2023-01-14 2:56:32 AM  

drjekel_mrhyde: whither_apophis: The only orange wine I need

[liquorstore-online.com image 180x440]

Reminds me of college


It's like fentanyl. Just looking at it almost killed me.

/one of my guys used to drink bricks of the blue shiat
//with the blingbling sticker
//*shudders*
 
2023-01-14 2:58:25 AM  

Some Junkie Cosmonaut: luna1580: Some Junkie Cosmonaut: Outshined_One: Mangoose: There has been recent backlash against this practice and people have been trying to push those wines because "it's a true expression of the terroir." Again, they taste like and smell like gasoline. So, no. No thanks.

Anyone that uses that phrase seriously is just telling me it actually tastes like ass but they've stockholmed themselves into liking it - they're just looking for new cultists.  Pass

hey now, dry rieslings taste really good!
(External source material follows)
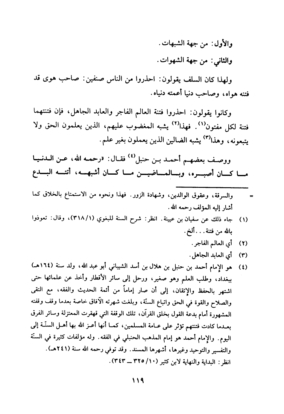 (¬4) هو: الإمام أحمد بن حنبل بن هلال بن أسد الشيباني، أبو عبد الله، ولد سنة (164 هـ) ببغداد، وطلب العلم وهو صغير، ورحل إلى سائر الأقطار وأخذ عن علمائها حتى اشتهر بالحفظ والإتقان، إلى أن صار إماما من أئمة الحديث والفقه، مع التقى والصلاح والقوة في الحق واتباع السنة، وبلغت شهرته الآفاق خاصة بعدما وقف وقفته المشهورة أمام بدعة القول بخلق القرآن، تلك الوقفة التي قهقرت المعتزلة وسائر الفرق اليوم، والإمام أحمد هو إمام المذهب الحنبلي في الفقه، وله مؤلفات كثيرة في السنة، والتفسير، والتوحيد، وغيرها، أشهرها المسند، وقد توفي رحمه الله سنة (241 هـ) .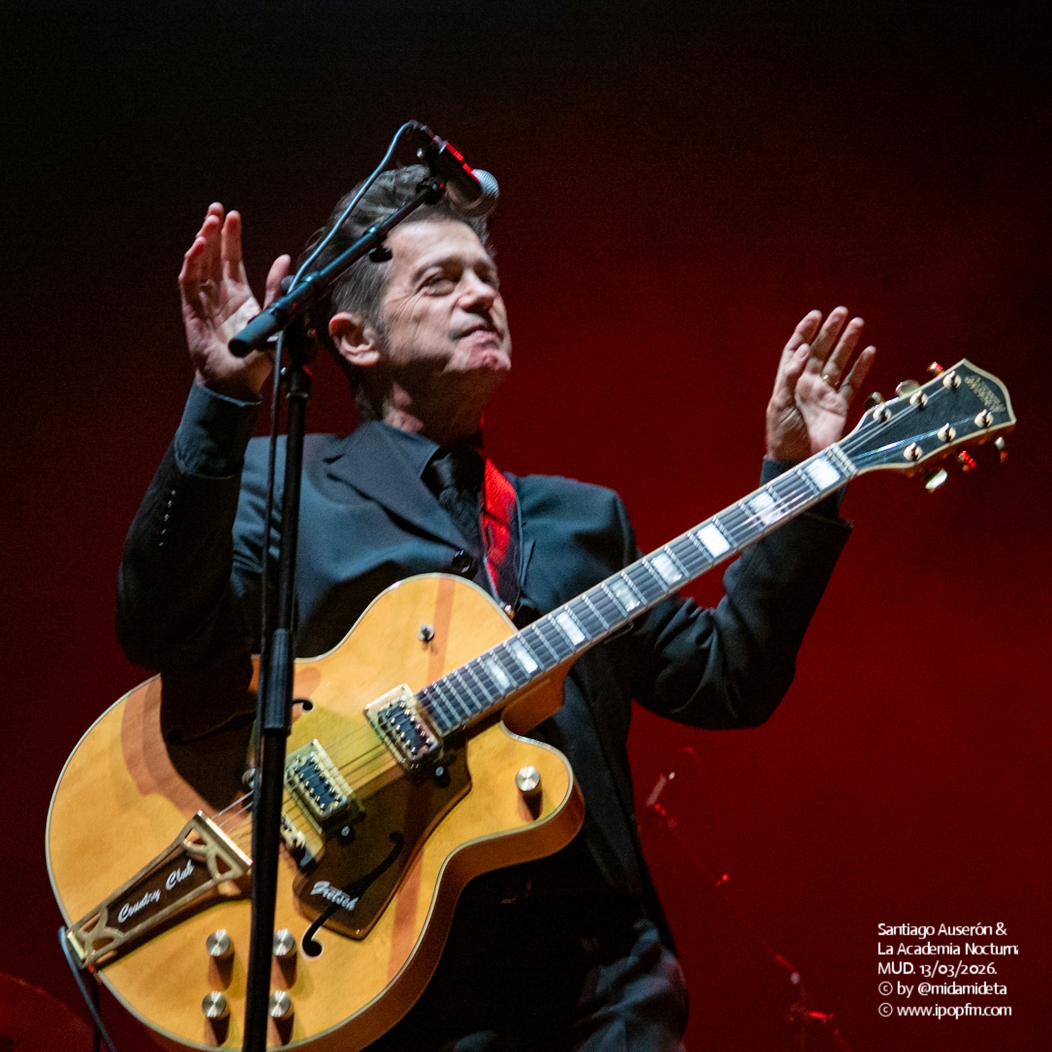 Impecablemente ataviados con sus trajes negros SANTIAGO AUSERON y LA ACADEMIA NOCTURNA, nos trasladaron rápidamente al caribe, concretamente a la Trova Cubana, para después saltar a la América continental y llevarnos en un viaje musical por la rivera del Mississippi, impregnándonos de ese aroma sureño repleto de jazz y rhythm and blues. Pero si por algo se caracteriza esta ACADEMIA NOCTURNA es por su presencia escénica y su talento digno de la época dorada de las Big Bands y el Hollywood Clásico al que también rinden homenaje en este viaje.

You're right!  Riesling is my second god, just below Gewürztraminer.  But that doesn't change the fact that people that try to play "part of the terroir" games are usually either as outlined above, or they're trying to sell you some nonsense.  See also anything described using the words "amusing presumption."


They're both excellent to cook with.
 
2023-01-14 3:55:23 AM  

NINEv2: Some Junkie Cosmonaut: luna1580: Some Junkie Cosmonaut: Outshined_One: Mangoose: There has been recent backlash against this practice and people have been trying to push those wines because "it's a true expression of the terroir." Again, they taste like and smell like gasoline. So, no. No thanks.

Anyone that uses that phrase seriously is just telling me it actually tastes like ass but they've stockholmed themselves into liking it - they're just looking for new cultists.  Pass

hey now, dry rieslings taste really good!

You're right!  Riesling is my second god, just below Gewürztraminer.  But that doesn't change the fact that people that try to play "part of the terroir" games are usually either as outlined above, or they're trying to sell you some nonsense.  See also anything described using the words "amusing presumption."

They're both excellent to cook with.


I'd just end up drinking it before it went in the food
 
2023-01-15 1:15:50 AM  

Exluddite: [YouTube video: Australian Table Wine]


"Compared favorably to a Welsh carrot" made me laugh so hard I lost my balance and tripped over the cat.